Department of Molecular Biophysics and Biochemistry, Yale University, New Haven, Connecticut, United States of America.
Department of Pharmacology, Yale University School of Medicine, New Haven, Connecticut, United States of America.
PLoS One. 2018 Mar 29;13(3):e0195048. doi: 10.1371/journal.pone.0195048. eCollection 2018.

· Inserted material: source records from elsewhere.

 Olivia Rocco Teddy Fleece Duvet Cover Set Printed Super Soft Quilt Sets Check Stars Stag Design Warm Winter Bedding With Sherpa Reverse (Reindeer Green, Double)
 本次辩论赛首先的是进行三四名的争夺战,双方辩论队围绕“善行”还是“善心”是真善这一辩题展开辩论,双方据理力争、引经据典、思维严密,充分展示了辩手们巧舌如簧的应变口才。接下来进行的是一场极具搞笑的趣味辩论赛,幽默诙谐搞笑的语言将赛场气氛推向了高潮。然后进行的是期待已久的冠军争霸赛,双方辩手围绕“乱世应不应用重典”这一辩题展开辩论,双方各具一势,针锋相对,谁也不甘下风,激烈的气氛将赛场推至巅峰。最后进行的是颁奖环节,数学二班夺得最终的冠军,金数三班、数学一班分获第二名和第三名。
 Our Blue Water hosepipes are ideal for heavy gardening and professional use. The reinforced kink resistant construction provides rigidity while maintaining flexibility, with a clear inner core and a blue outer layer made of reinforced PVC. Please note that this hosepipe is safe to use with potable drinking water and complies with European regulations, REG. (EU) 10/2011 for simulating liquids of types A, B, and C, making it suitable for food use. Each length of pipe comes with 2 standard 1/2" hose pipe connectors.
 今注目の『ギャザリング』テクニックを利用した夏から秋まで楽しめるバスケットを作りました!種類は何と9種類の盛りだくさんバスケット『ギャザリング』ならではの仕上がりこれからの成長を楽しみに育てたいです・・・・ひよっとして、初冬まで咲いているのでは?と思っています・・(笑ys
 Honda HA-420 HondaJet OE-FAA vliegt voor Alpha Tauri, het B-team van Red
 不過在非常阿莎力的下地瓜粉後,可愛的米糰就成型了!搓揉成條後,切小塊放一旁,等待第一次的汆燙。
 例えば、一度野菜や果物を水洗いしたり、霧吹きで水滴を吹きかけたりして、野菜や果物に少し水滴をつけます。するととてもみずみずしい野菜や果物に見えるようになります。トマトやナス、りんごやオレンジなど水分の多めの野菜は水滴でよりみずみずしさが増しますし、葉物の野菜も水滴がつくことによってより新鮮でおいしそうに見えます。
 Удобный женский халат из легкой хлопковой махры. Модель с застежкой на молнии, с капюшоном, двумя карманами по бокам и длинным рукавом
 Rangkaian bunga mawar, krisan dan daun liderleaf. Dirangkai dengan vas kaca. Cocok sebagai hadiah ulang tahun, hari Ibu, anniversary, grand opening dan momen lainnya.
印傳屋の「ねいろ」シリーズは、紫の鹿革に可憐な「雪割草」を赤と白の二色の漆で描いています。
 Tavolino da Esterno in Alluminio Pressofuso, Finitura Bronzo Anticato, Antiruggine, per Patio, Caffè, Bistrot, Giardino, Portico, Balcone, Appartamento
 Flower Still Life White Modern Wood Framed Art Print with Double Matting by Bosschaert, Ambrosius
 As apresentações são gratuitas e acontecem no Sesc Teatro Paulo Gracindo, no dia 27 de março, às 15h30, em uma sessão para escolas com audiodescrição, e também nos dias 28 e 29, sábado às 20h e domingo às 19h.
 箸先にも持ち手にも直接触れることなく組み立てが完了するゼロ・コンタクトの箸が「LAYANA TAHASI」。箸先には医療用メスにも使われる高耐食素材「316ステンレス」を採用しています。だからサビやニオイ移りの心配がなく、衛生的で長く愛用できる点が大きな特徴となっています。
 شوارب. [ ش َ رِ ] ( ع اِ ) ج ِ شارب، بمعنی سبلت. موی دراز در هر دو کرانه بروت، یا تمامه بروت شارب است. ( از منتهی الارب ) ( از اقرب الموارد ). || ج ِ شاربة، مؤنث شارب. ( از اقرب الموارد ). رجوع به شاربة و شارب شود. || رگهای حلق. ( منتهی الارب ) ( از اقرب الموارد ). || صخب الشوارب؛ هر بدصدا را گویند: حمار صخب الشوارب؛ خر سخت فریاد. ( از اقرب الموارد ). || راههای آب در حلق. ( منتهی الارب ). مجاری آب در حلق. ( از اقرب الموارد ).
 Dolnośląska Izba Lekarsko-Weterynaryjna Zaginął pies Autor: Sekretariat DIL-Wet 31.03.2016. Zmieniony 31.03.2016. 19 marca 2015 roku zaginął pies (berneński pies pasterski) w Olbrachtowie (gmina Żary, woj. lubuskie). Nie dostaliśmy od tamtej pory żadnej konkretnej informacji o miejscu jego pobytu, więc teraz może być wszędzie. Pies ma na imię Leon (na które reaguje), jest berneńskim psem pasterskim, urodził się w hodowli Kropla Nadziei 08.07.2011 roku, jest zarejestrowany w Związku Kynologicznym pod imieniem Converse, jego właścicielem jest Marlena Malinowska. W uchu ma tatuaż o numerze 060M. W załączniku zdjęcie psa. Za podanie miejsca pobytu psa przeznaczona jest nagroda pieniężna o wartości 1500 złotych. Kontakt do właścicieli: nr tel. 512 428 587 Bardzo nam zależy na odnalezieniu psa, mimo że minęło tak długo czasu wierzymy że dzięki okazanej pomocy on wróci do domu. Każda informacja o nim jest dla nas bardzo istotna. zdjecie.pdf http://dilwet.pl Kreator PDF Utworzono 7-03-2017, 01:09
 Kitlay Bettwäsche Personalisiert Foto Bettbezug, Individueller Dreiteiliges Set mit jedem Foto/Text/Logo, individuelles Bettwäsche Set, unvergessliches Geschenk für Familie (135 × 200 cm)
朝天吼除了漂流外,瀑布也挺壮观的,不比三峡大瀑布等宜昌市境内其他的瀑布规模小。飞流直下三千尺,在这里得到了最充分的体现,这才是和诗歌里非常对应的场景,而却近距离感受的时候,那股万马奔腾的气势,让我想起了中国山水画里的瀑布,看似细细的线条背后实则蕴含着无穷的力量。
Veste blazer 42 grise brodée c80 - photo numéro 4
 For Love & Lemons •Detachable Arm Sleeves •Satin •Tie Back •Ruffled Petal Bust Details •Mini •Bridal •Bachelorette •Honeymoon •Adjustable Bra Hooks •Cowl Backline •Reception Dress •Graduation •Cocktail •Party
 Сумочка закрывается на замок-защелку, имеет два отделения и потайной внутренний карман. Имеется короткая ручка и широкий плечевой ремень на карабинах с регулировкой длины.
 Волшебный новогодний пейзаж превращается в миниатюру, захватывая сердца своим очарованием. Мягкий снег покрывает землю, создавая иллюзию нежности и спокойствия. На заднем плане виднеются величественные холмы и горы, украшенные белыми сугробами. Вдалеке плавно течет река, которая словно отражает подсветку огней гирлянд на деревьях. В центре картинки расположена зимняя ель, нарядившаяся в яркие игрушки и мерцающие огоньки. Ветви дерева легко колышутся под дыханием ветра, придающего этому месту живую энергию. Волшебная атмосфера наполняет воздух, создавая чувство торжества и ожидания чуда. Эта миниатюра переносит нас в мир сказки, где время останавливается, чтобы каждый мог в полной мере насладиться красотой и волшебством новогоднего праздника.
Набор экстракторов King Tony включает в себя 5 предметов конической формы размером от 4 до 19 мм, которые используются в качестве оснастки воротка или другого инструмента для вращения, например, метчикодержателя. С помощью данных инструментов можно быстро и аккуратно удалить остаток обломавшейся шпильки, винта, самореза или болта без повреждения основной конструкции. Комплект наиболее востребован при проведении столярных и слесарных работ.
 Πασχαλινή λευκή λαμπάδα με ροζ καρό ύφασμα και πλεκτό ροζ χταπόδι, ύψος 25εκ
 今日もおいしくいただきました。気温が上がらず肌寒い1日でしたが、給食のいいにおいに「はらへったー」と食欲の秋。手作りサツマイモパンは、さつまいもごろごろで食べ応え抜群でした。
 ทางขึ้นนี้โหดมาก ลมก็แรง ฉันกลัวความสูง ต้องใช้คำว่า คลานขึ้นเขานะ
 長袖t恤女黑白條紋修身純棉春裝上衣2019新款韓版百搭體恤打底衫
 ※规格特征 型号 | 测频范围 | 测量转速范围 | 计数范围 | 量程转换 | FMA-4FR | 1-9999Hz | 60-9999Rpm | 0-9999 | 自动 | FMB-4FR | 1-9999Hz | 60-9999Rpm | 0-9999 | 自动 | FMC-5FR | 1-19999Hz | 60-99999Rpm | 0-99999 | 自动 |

Human apolipoprotein B mRNA-editing enzyme-catalytic polypeptide-like 3 (A3) proteins are a family of cytidine deaminases that catalyze the conversion of deoxycytidine (dC) to deoxyuridine (dU) in single-stranded DNA (ssDNA). A3 proteins act in the innate immune response to viral infection by mutating the viral ssDNA. One of the most well-studied human A3 family members is A3G, which is a potent inhibitor of HIV-1. Each A3 protein prefers a specific substrate sequence for catalysis-for example, A3G deaminates the third dC in the CCCA sequence motif. However, the interaction between A3G and ssDNA is difficult to characterize due to poor solution behavior of the full-length protein and loss of DNA affinity of the truncated protein. Here, we present a novel DNA-anchoring fusion strategy using the protection of telomeres protein 1 (Pot1) which has nanomolar affinity for ssDNA, with which we captured an A3G-ssDNA interaction. We crystallized a non-preferred adenine in the -1 nucleotide-binding pocket of A3G. The structure reveals a unique conformation of the catalytic site loops that sheds light onto how the enzyme scans substrate in the -1 pocket. Furthermore, our biochemistry and virology studies provide evidence that the nucleotide-binding pockets on A3G influence each other in selecting the preferred DNA substrate. Together, the results provide insights into the mechanism by which A3G selects and deaminates its preferred substrates and help define how A3 proteins are tailored to recognize specific DNA sequences. This knowledge contributes to a better understanding of the mechanism of DNA substrate selection by A3G, as well as A3G antiviral activity against HIV-1.
人载脂蛋白 B mRNA 编辑酶催化多肽样 3(A3)蛋白是一类胞嘧啶脱氨酶,可催化单链 DNA(ssDNA)中脱氧胞苷(dC)转化为脱氧尿苷(dU)。A3 蛋白通过突变病毒 ssDNA 来参与先天免疫反应以抵抗病毒感染。研究最为深入的人类 A3 家族成员之一是 A3G,它是 HIV-1 的强效抑制剂。每个 A3 蛋白都偏爱特定的催化底物序列,例如,A3G 使 CCCA 序列基序中的第三个 dC 脱氨。然而,由于全长蛋白的溶液行为不佳以及截短蛋白 DNA 亲和力的丧失,A3G 与 ssDNA 之间的相互作用难以表征。在这里,我们提出了一种使用端粒保护蛋白 1(Pot1)的新型 DNA 锚定融合策略,Pot1 对 ssDNA 的亲和力为纳摩尔级,我们利用该策略捕获了 A3G-ssDNA 相互作用。我们对 A3G 中 -1 核苷酸结合口袋中的非优先腺嘌呤进行了结晶。该结构揭示了催化位点环的独特构象,阐明了该酶如何在 -1 口袋中扫描底物。此外,我们的生物化学和病毒学研究提供了证据,表明 A3G 上的核苷酸结合口袋在选择首选 DNA 底物时相互影响。总的来说,这些结果提供了对 A3G 选择和脱氨其首选底物的机制的深入了解,并有助于确定 A3 蛋白如何适应识别特定的 DNA 序列。这些知识有助于更好地理解 A3G 对 DNA 底物选择的机制以及 A3G 对 HIV-1 的抗病毒活性。